16 de julho de 2012 | nenhum comentário »

Projeto ajuda a reaproveitar água em pequenas propriedades do RN

Reuso de água é cada vez mais importante, principalmente no semiárido.
Projeto Bioágua aproveita água usada em casa para irrigação de hortas.

A quantidade de água doce à disposição da população está diminuindo. Por isso, a importância de projetos de reuso de água é cada vez maior, principalmente em regiões como o semiárido brasileiro. NoRio Grande do Norte, uma experiência de sucesso, batizada de Bioágua, aproveita a água usada em casa para a irrigação de hortas.

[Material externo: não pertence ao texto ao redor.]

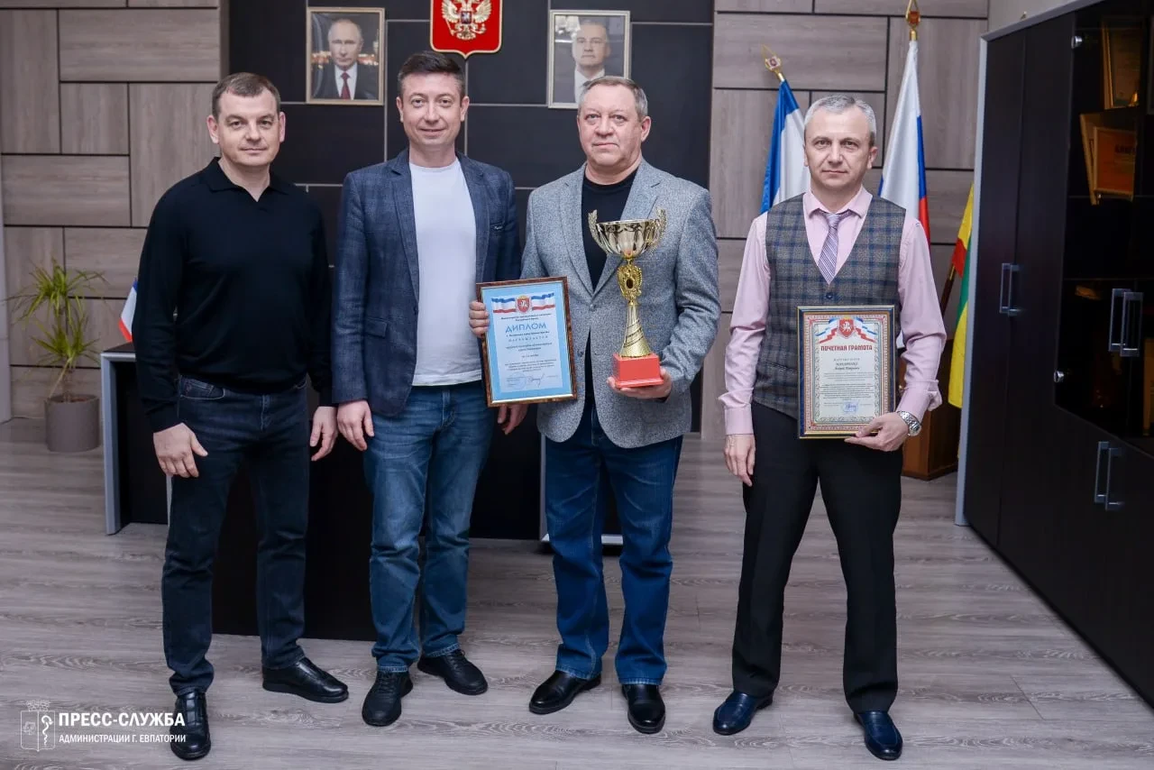 Первый заместитель главы администрации города Евпатории Антон Новиков и заместитель главы администрации Сергей Колганов поздравили начальника управления гражданской обороны и общественной безопасности администрации города Сергея Загребельского и заместителя начальника управления Андрея Макаренко с заслуженной победой – первым местом за выполнение мероприятий в области гражданской обороны и защиты населения от чрезвычайных ситуаций и по итогам работы за 2025 год.

No município de Olho D’água do Borges, perto da divisa com a Paraíba, a chuva é pouca e mal distribuída. No semiárido, a média de chuva é de 600 mm por ano, cerca de um terço do que chove em Natal, capital do Rio Grande do Norte, por exemplo.

Nos meses de inverno, quando os moradores esperam pela água, eles ainda podem ser surpreendidos pela estiagem. Foi exatamente isso que aconteceu este ano.

O agricultor Sebastião de Brito tem 60 cabeças de gado. Sem pasto nativo suficiente, ele tira do bolso para comprar ração e dar aos animais no cocho. Mesmo assim, não conseguiu manter a produção de leite. “Estou tirando 30 litros de leite, mas deveria estar tirando 50, 60 litros”, afirma.

Outra renda do agricultor vem dos animais vendidos para abate, mas com o gado magro, a venda fica mais difícil. “O animal é vendido por R$ 100, o quilo. Estando magro não tem quem queira. Tem que investir mais e isso diminui a renda”, explica Sebastião.

A casa de Sebastião vai receber o Bioágua, um sistema que aproveita a chamada água cinza – toda a água usada na casa, menos a do vaso sanitário – para irrigar hortaliças. A iniciativa é do Projeto Dom Helder Camara e está mudando a situação do semiárido.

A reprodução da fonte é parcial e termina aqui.